THE CONTROVERSIAL PSYCHIATRIST LOOKS AT THE "PSYCHOTIC," etc.
Ronald David Laing (1927-1989) was a Scottish psychiatrist who was often considered part of the anti-psychiatry movement (although he rejected this characterization); he wrote many other books such as
Politics of Experience,' 'The politics of the family and other essays,' etc.
He wrote in the Preface to the First 1961 Edition [revised edition, 1969], "I shall try to depict persons within a social system or 'nexus' of persons, in order to try to understand some of the ways in which each affects each person's experience of himself and of how interaction takes form. Each contributes to the other's fulfillment or destruction." (Pg. xi)
He begins by saying, "is unconscious phantasy a mode or a type of experience? If it is, it is with a difference. If not, what is it, if not a figment of imagination? The psychoanalytic thesis can be stated thus: it is not POSSIBLE to prove the existence of unconscious phantasy to the person who is immersed in it. Unconscious phantasy can be known to be phantasy only after the person's own emergence from it." (Pg. 3)

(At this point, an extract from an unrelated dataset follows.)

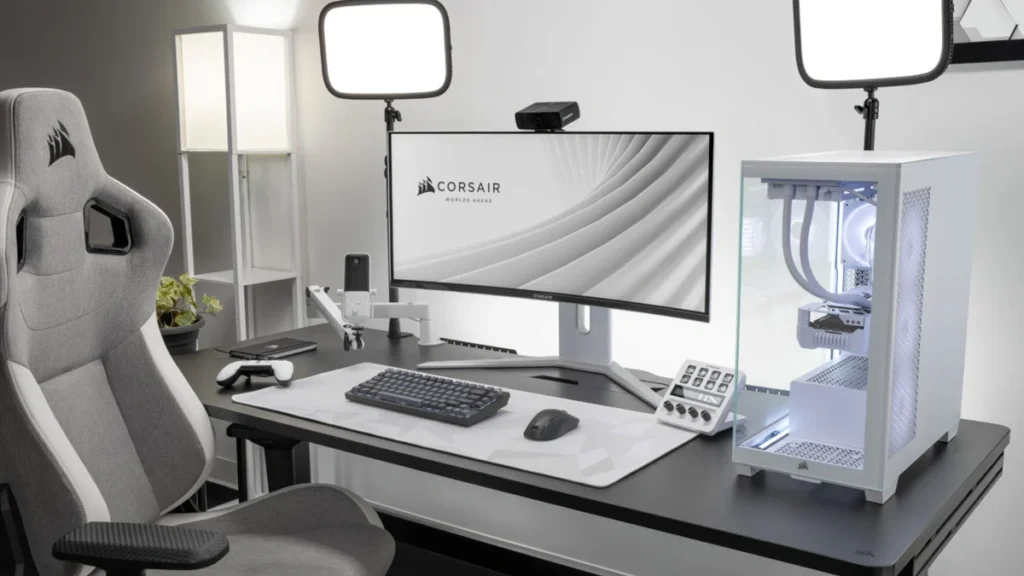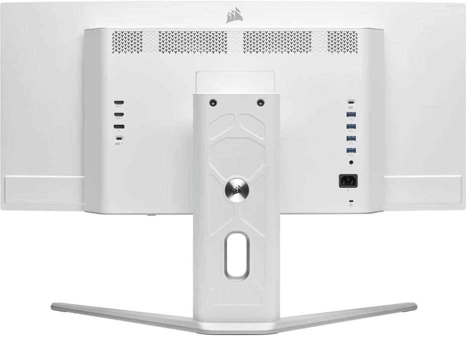 Jeśli chodzi o panel I/O, Corsair do naszej dyspozycji oddaje dwa złącza HDMI 2.1, jedno DisplayPort 1.4, dwa USB typu C, cztery USB 3.2 Gen 1 typu A oraz gniazdo audio. Oczywiście, ekran możemy dostosować do naszych potrzeb dzięki szerokim opcjom pochylania w pionie i poziomie oraz regulacji wysokości. Ciekawym dodatkiem jest menu, którym sterujemy za pomocą czujnika zbliżeniowego, a nie fizycznych przycisków.

He asks, "Is it a contradiction in terms to speak of 'unconscious experience'? A person's experience comprises anything that 'he' or 'any part of him' is aware of, whether 'he' or every part of him is aware of every level of his awareness or not. His experiences are inner or outer; of his own body or of other person's bodies; real or unreal; private or shared. The psychoanalytic contention is that our desires present themselves to us in our experience, but we may not recognize them. This is one sense in which we are unconscious of our experience. We misconstrue it." (Pg. 8)
He observes, "Some 'psychotics' look on psychoanalysis as a relatively safe place to tell someone what they really think. They are prepared to play at being a patient and even to keep up the charade by PAYING the analyst, provided he does not 'cure' them. They are even prepared to pretend to be cured if it will look bad for him if he is having a run of people who do not seem to be getting better. Not an unreasonable contract." (Pg. 28)
He suggests, "the man-in-the-street takes a lot for granted: for instance, that he has a body which has an inside and an outside... The ordinary person does not reflect upon these basic elements of his being; he takes his way of experiencing himself and others to be 'true.' However, some people do not. They are often called schizoid. Still more, the schizophrenic does not take for granted his own person... he lacks the usual sense of personal unity, a sense of himself as the agent of his own actions rather than as a robot, a machine, a thing, and of being the author of his own perceptions, but rather feels that someone else is using his eyes, his ears, etc." (Pg. 35-36)
He argues, "The most significant theoretical and methodological development in the psychiatry of the last two decades is, in my view, the growing dissatisfaction with any theory or study of the individual which isolates him from his context. Efforts have been made from different angles to remedy this position." (Pg. 65) He asserts, "One basic function of genuinely analytical or existential therapy is the provision of a setting in which as little as possible impedes each person's capacity to discover his own self... A large part of the art of therapy is in the tact and lucidity with which the analyst points out the ways in which collusion maintains illusions or disguises delusions." (Pg. 105)
Laing is not the highly controversial and polarizing figure he once was; with the passage of time, one can more easily appreciate what he had to say.